The enterprise agent orchestration market is consolidating fast, with Anthropic’s Claude leading at 40% of deployments. But that survey covers software agents in enterprise environments — physical AI, where NVIDIA’s hardware advantage is overwhelming, is a different market entirely. NVIDIA is positioning Thor as the compute backbone for the physical world the way Claude is becoming the backbone for the digital one.
NZ Angle
New Zealand’s robotics sector — concentrated in agricultural automation, manufacturing, and the growing defence technology corridor — is a natural customer for edge AI modules. The T2000’s 400 teraflops at 16GB puts genuine AI inference within reach of NZ’s SME-heavy robotics ecosystem, where per-unit cost is the binding constraint. The agent skills memory optimization is particularly relevant: NZ firms building agricultural robots often work with tight memory budgets due to the need for ruggedized, lower-power configurations in field deployments.
❓ FAQ
When can I actually buy these? T3000 emulation mode is available later this month with JetPack 7.2.1. T2000 emulation follows in a future release. Physical modules ship in Q1 2027. Developers can start with the Jetson AGX Thor developer kit available now through channel partners.

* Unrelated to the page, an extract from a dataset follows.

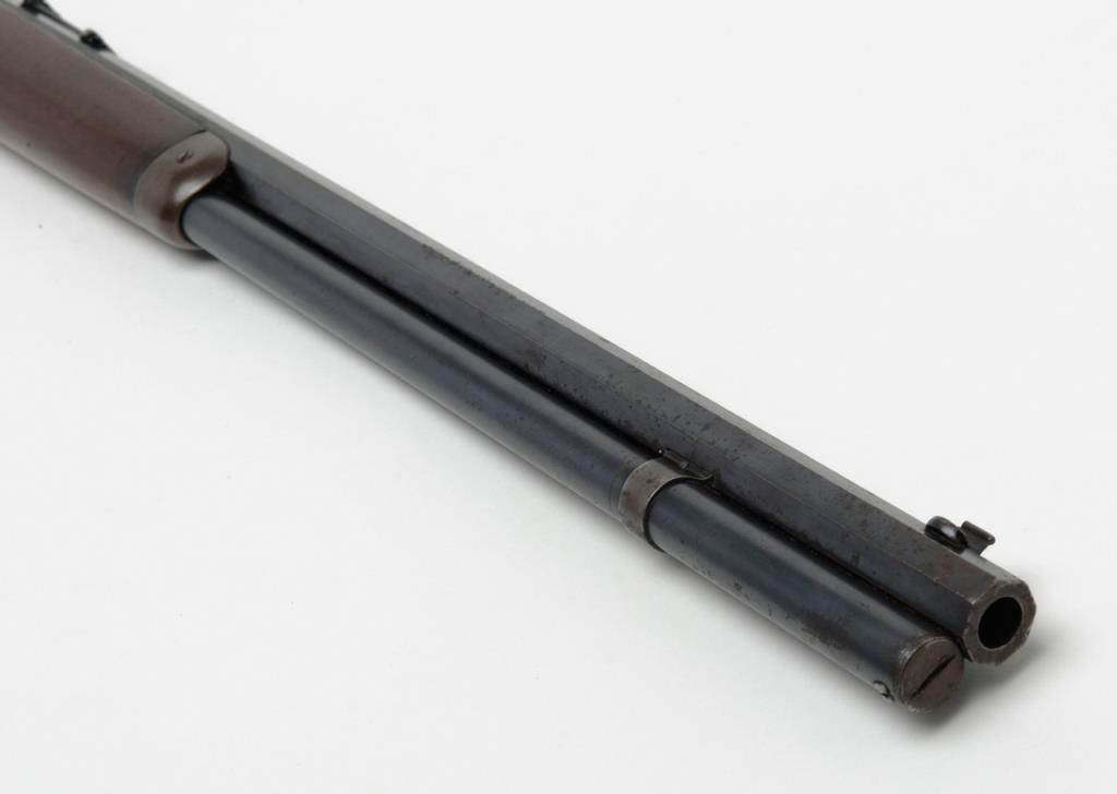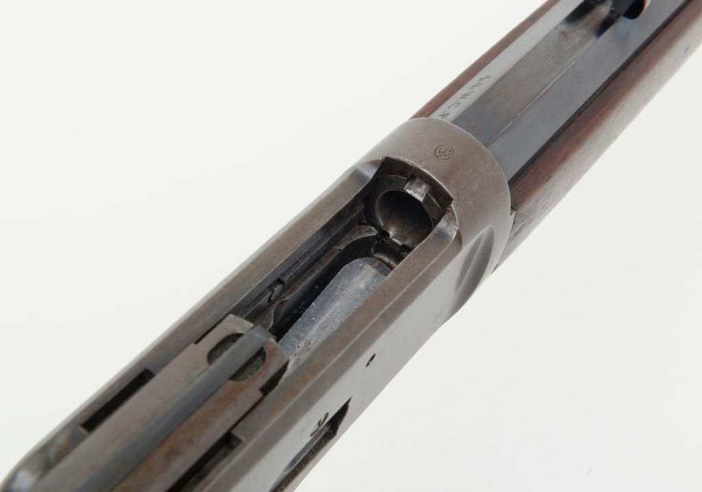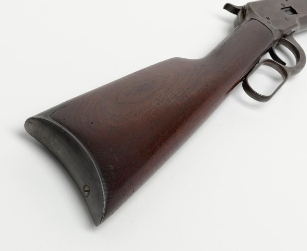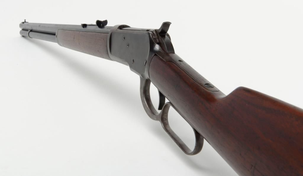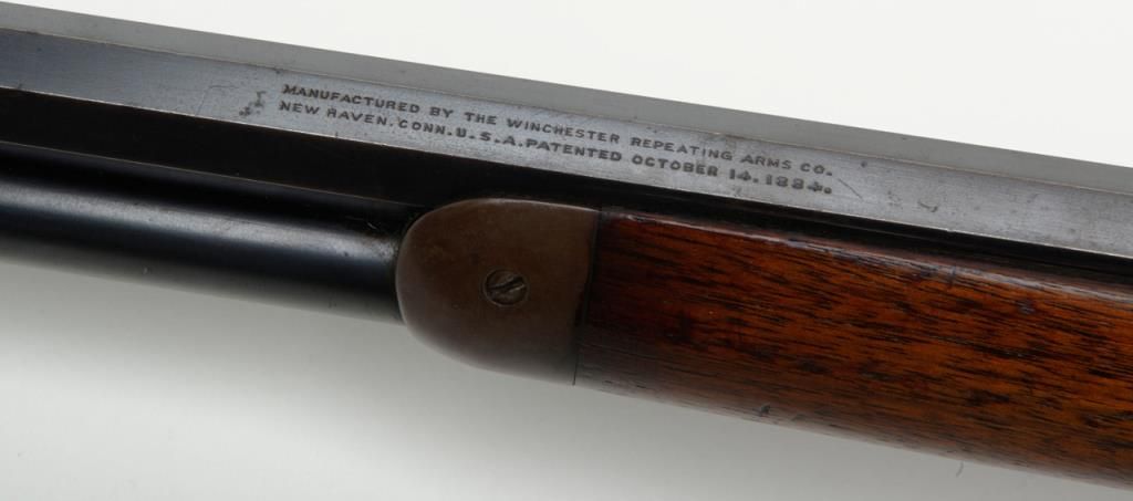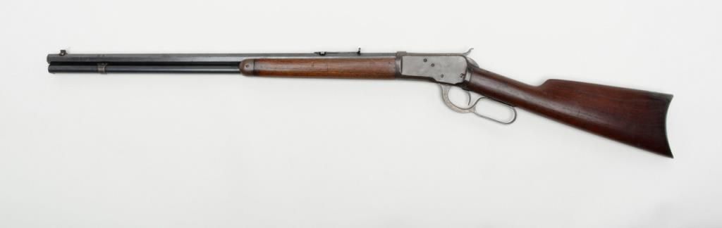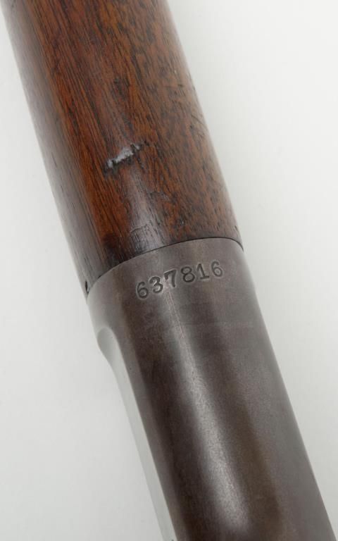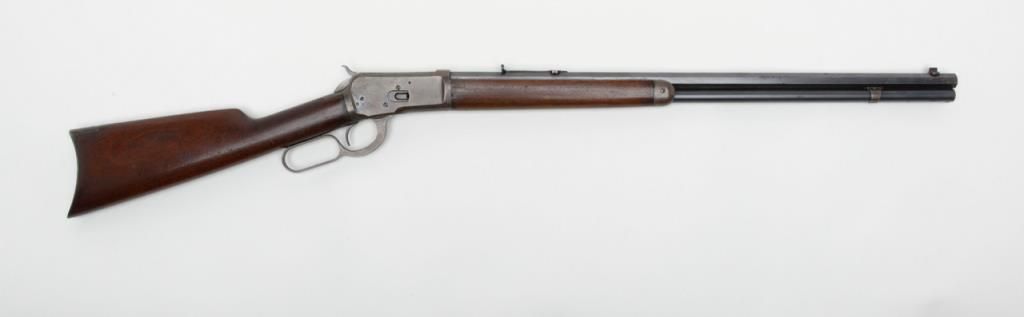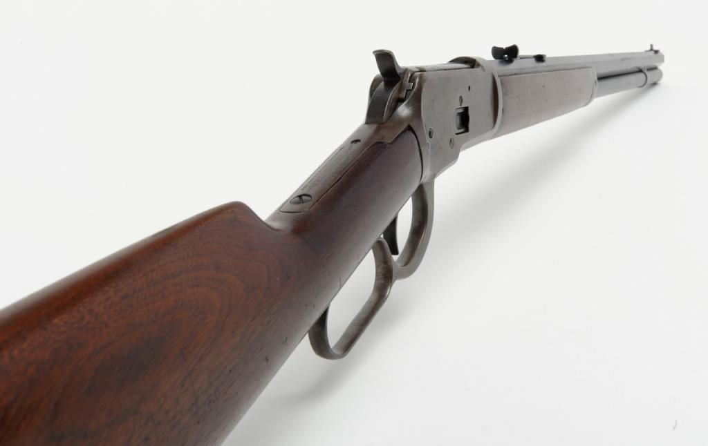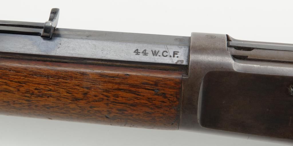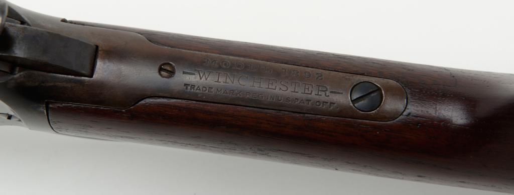Winchester Model 1892 lever action rifle, desirable .44 W.C.F. cal., 24” octagon barrel, blue finish, wood stocks, #637816 in overall very good condition showing considerable original blue finish on barrel and loading tube with somescattered spots of erosion on the barrel, brown patina on the receiver, bright bore, crisp action, sharp markings and very good wood. (C&R/PPT). Est.: $1,200-$2,400

What’s the price gap between T3000 and T5000? NVIDIA hasn’t published pricing yet, but the pitch is clear: similar inference performance at roughly half the size and power, with a lower memory SKU. For high-volume robotics deployments, the BOM savings could be significant.
Does Cosmos 3 Edge work on older Jetson modules? Cosmos 3 Edge is specifically designed for Thor platforms. Older Jetson Orin modules can still run many of the same workloads, but the Cosmos 3 Edge optimization is Thor-specific. The agent skills, however, support the entire Jetson portfolio including Orin.
How does this compare to what Qualcomm or AMD offer for edge AI? NVIDIA’s advantage is the full stack — CUDA, Isaac, Cosmos, JetPack, and now agent skills. Qualcomm and AMD compete on individual components but lack the integrated software ecosystem. For robotics developers who want to move fast, NVIDIA’s vertical integration is the path of least resistance, which is exactly the moat NVIDIA is deepening with this release.
🔍 THE BOTTOM LINE
NVIDIA is not selling chips. It is selling the entire robotics development pipeline — from simulation (Isaac) to foundation models (Cosmos 3 Edge) to on-device compute (Thor T3000/T2000) to memory optimization (agent skills). Every layer is NVIDIA. The strategy is the same one that made CUDA insurmountable in data centers: make the platform so comprehensive that leaving it costs more than staying.